A group of Southern operatives attempted to burn New York City on November 25, 1864.  The plot was orchestrated by Jacob Thompson and the operatives infiltrated Union territory from Canada.  On the night of November 25, the group attempted to simultaneously start fires in 19 hotels, a theater, and P.T. Barnum’s museum. The objective was to overwhelm the city’s firefighting resources by distributing the fires around the city.  Most of the fires either failed to start or were contained quickly.

This account is from the December 10, 1864, issue of The Prescott Journal.
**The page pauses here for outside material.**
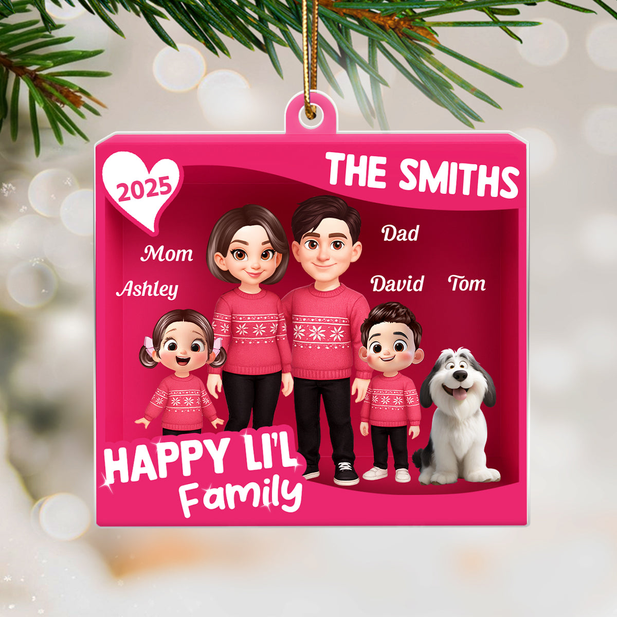 Celebrate the holiday season with a timeless keepsake that captures the warmth of family and the joy of Christmas. This beautifully crafted acrylic ornament features a festive red truck design with your family sitting together, creating a heartwarming scene that can be personalized with names or special details. Perfect for husbands, wives, and families who treasure meaningful holiday traditions, this ornament is more than just décor—it’s a memory you’ll revisit every Christmas. Add your own personal touch and turn your tree into a story of love, togetherness, and holiday cheer.

The New York Incendiaryism.

It is ascertained that most of the persons engaged in the recent attempt to burn New York came from Canada—most of them from Toronto and vicinity.  Most of the conspirators were officers in the rebel army, and had served as guerrillas in Kentucky and Missouri.  The movements of the incendiaries were arranged very uniformly.  At each of the hotels they appeared in the character of travelers desiring rooms for a few days.  They carried small black leather valises, put a fictitious name on the hotel books, and carried their own baggage to their rooms.

The buildings fired were the Astor House, Belmont, Hanna, Lovejoy, Tammany, Metropolitan, St. Nicholas, Fifth Avenue, United States, New England, Lafarge and St. James Hotels and Barnum’s Museum.  Fires were also discovered in some vessels at the wharves.
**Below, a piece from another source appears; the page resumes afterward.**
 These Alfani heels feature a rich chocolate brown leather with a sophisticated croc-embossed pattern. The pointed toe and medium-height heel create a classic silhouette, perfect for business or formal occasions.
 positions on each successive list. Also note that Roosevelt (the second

The original plan was to simultaneously fire hotels at the lower and upper portions of the city, and while the fire department and police had their attention attracted to these portions of the city, to fire hotels and other public buildings at more central points.  The next step would have been to have fired shipping, beginning with hay barges alongside ships and steamers.  During this, three of the gang were to attempt the destruction of the iron-clads now in the harbor.  They had provided themselves with numerous appliances, among which was a large quantity of Greek fire.  As nearly as possible, these steps were to be taken together, or so close upon each other as to render detection by the police almost impossible.  The failure in nearly all cases is attributed to the incendiaries neglecting to open windows. In every hotel the windows and transoms were tightly closed, thus giving no air to the flames.
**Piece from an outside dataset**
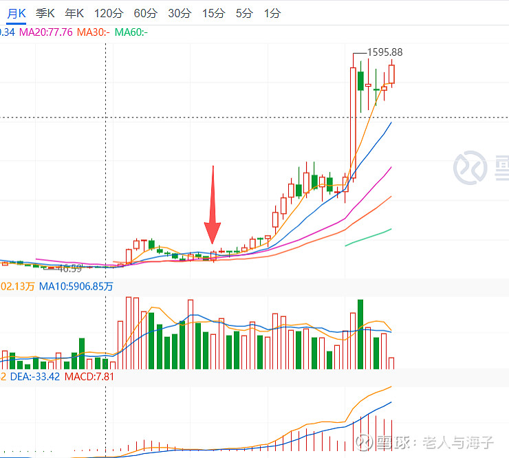 派斯林本月线位置等同于寒武纪箭头标识月。本月强势突破所有月均线,股势开始转强。后续和寒武纪一样,在月均线之上盘整3个月左右开始进入第一波拉升。

The detectives say the whole force detailed for the work had not arrived in time.  It was fixed for Sunday, December 4th, but fears of discovery and frustration led to the premature attempt.

Among those arrested is the treasurer of the gang, with a considerable sum in gold in his possession.

Gen. Dix [John A. Dix] issued an order in relation to the plot, in which he says :  “A nefarious attempt has been made to set fire to the principal hotels and other places of public resort in this city.  If this attempt had succeeded, it would have resulted in a frightful sacrifice of life and property.  Evidences of extensive combination and other facts disclosed to-day show it to have been the work of rebel emissaries and agents.  All such persons engaged in secret acts of hostility can only be regarded as spies, subject to martial law and to the penalty of death.  If they are detected they will be immediately brought before a court martial or military commission, and if convicted, they will be executed without the delay of a single day.”